We are apprehensive regarding the risks associated with this divestment. Mallinckrodt was performing well and contributing significantly to the top line (17% of net sales in fiscal 2012). This segment generated revenues of about $2 billion in fiscal 2012. Given the current difficult healthcare environment, uncertainty looms over the growth prospects of the two remaining businesses at Covidien.

Further, management has lowered its guidance due to the unfavorable foreign currency fluctuations. Operating margin is also expected to remain under pressure. Additional future investment-related expenses might further weigh on Covidien’s margins.

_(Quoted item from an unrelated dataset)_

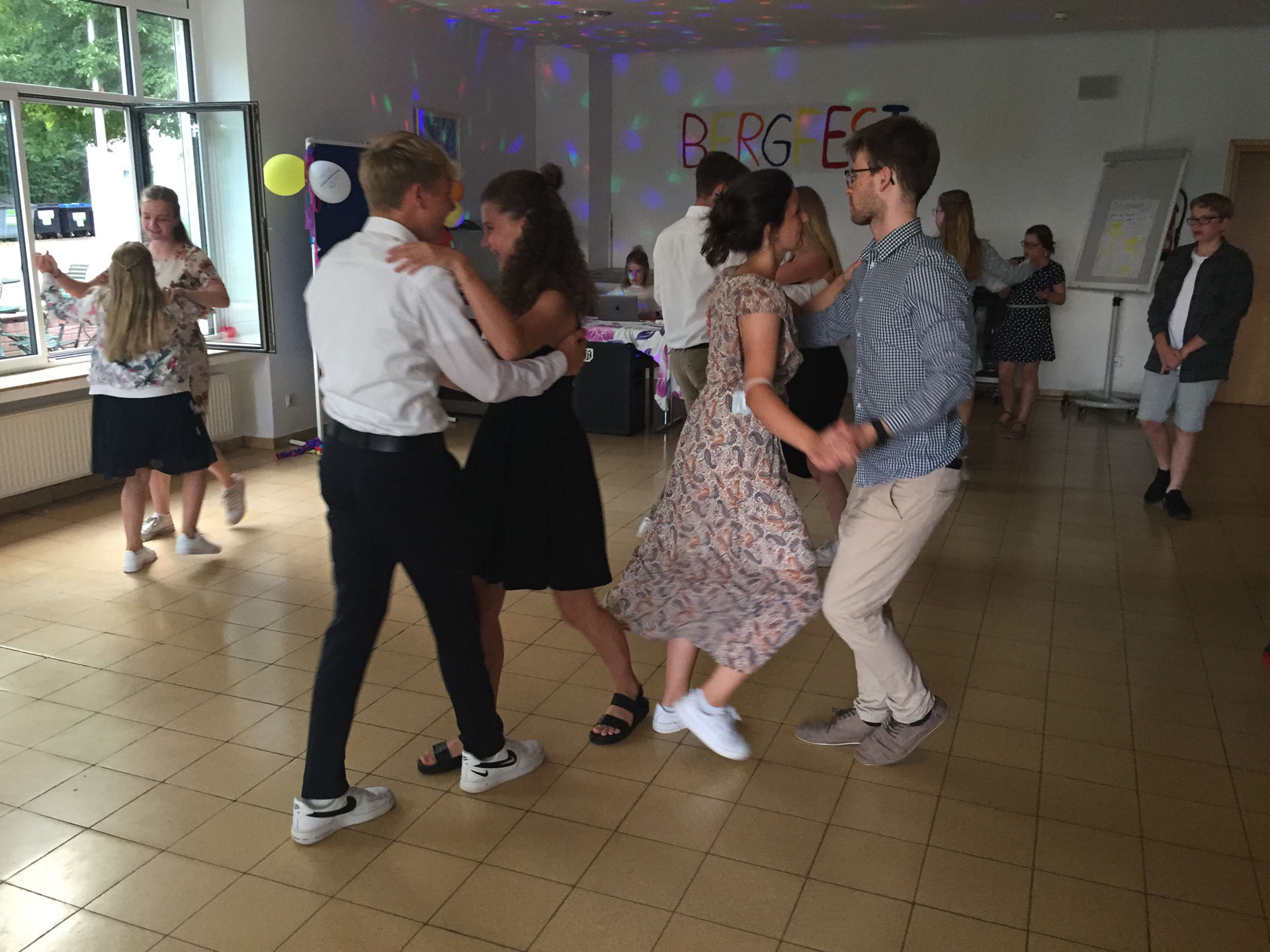 Abends war allen klar, welches Programm als nächstes folgen sollte: BERGFEST! Die Mitte des Lagers war erreicht und alle machten sich schick, um genau das zu feiern. Wir bestaunten unsere schönen Kleider, tollen Frisuren und schicken Schuhe. Auf der Party gab es zudem noch einige Überraschungen: es wurden frische Waffeln gebacken, Cocktails mit Cocktailschirmchen, Zuckerrand und Strohhalm wurden serviert und viele leckere Snacks trugen zu einem gelungenen Abend bei. Der Höhepunkt der Party war der Tanzwettbewerb im Paartanz. Es haben sich einige Paare gefunden, die an dem Wettbewerb teilnehmen wollten. Nach einigen Discofoxliedern, Drehungen und Figuren stand die Entscheidung der Jury fest. Die Gewinner des diesjährigen Tanzwettbewerbs sind: BEN und JOHANNA

Moreover, the company reported soft second-quarter fiscal 2013 results on Apr 26. Net income from continuing operations (as reported) dropped 10.2% on account of higher expenses.

Following the release of the second-quarter results and the guidance for fiscal 2013, the Zacks Consensus Estimate for 2013 has significantly gone down 17.8% to $3.70 per share. The Zacks Consensus Estimate for 2014 has also declined 17.1% to $4.06 per share. With the Zacks Consensus Estimate for both 2013 and 2014 going down, the company now has a Zacks Rank #5 (Strong Sell).

While we prefer to avoid Covidien until its performance improves, other medical device stocks worth a look are Wright Medical Group (WMGI - Analyst Report), Edwards Lifesciences (EW - Analyst Report) and Hanger (HGR - Analyst Report). While WMGI carries a Zacks Rank #1 (Strong Buy), the other two stocks carry a Zacks Rank #2 (Buy).